Osborn Correctional Institution
- Interactive map of Osborn Correctional Institution
- Location: 335 Bilton Road, Somers, Connecticut 06071;
- Status: Operational
- Security class: Level 3 (Medium)
- Capacity: 1,900
- Opened: 1963
- Managed by: Connecticut Department of Correction

= Osborn Correctional Institution =

Prison in Somers, Connecticut, United States

The Osborn Correctional Institution (OCI), formerly known as the Connecticut Correctional Institution – Somers, is a medium-security state prison that includes a high-security mental health unit for men of the Connecticut Department of Correction located in Somers, Connecticut. It has capacity of 1900 inmates, making it amongst the largest prisons in the state and one of the oldest operational facilities in Connecticut.
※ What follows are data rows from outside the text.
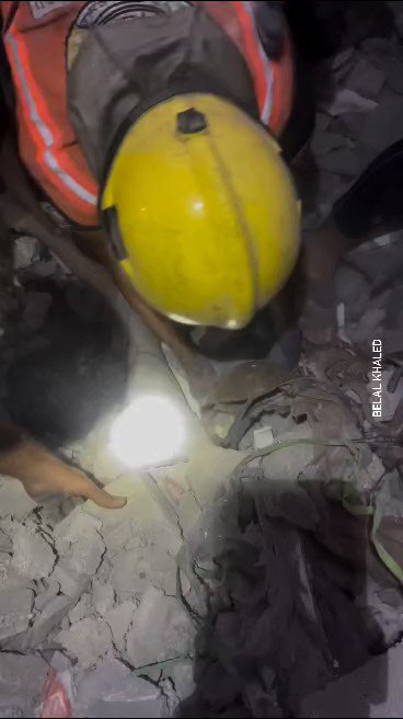 عملية انقاذ بأقل الامكانات من تحت أنقاض منزل حمدان الذي استهدفته طائرات الاحتلال في خانيونس جنوب قطاع #غزة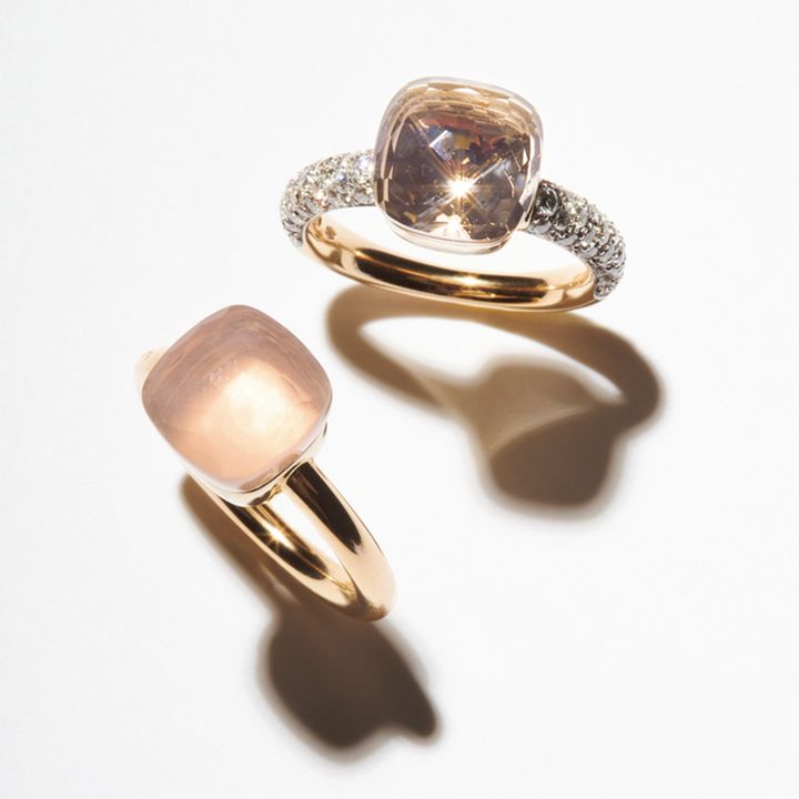 カラーストーンの魅力が最大限に引き出されるセッティングの憧れリング。リング「ヌード」上から〈RG×WG×ホワイトトパーズ×D〉¥715,000〈RG×WG×ローズクォーツ〉¥363,000(ともにポメラート/ポメラート クライアントサービス)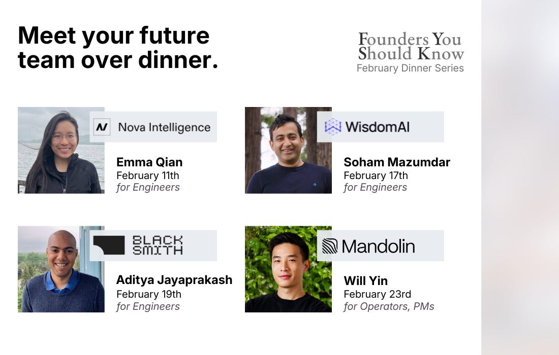 This February, we’re bringing back our private dinner series in San Francisco: intimate, off-the-record dinners where a small group of high-intent engineers and operators sit down with founders of inflecting companies to talk candidly about the real stories behind the build. These dinners are: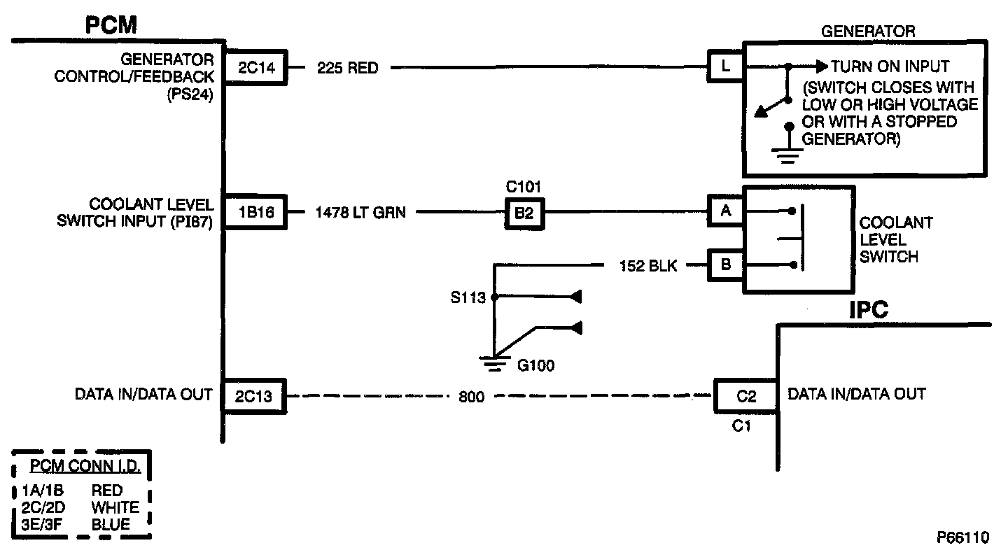 This diagnostic monitors the generator feedback and compares it to the generator control in the PCM. When the PCM commands the generator to be 'ON' and the feedback indicates that it is 'OFF' for 15 seconds, Code P110 will set.

It housed the state's execution chamber until 2015, when capital punishment was declared unconstitutional. It also housed male death row inmates until 1995 when they were transferred to the nearby Northern Correctional Institution.

== History ==
OCI was opened in November 1963 as a replacement for the Wethersfield State Prison, and was originally the state's maximum-security prison until 1994 when it was changed to become a medium-security prison.

== Notable inmates ==
- Michael Bruce Ross, a convicted serial killer, was executed by lethal injection on May 13, 2005. He was the only person executed in Connecticut and all of New England after capital punishment was reinstated. Ross was voluntarily executed after waiving his appeals.
- Francis Clifford Smith, the oldest living and longest serving inmate in both Connecticut and U.S history, as well as the second longest serving inmate in world history.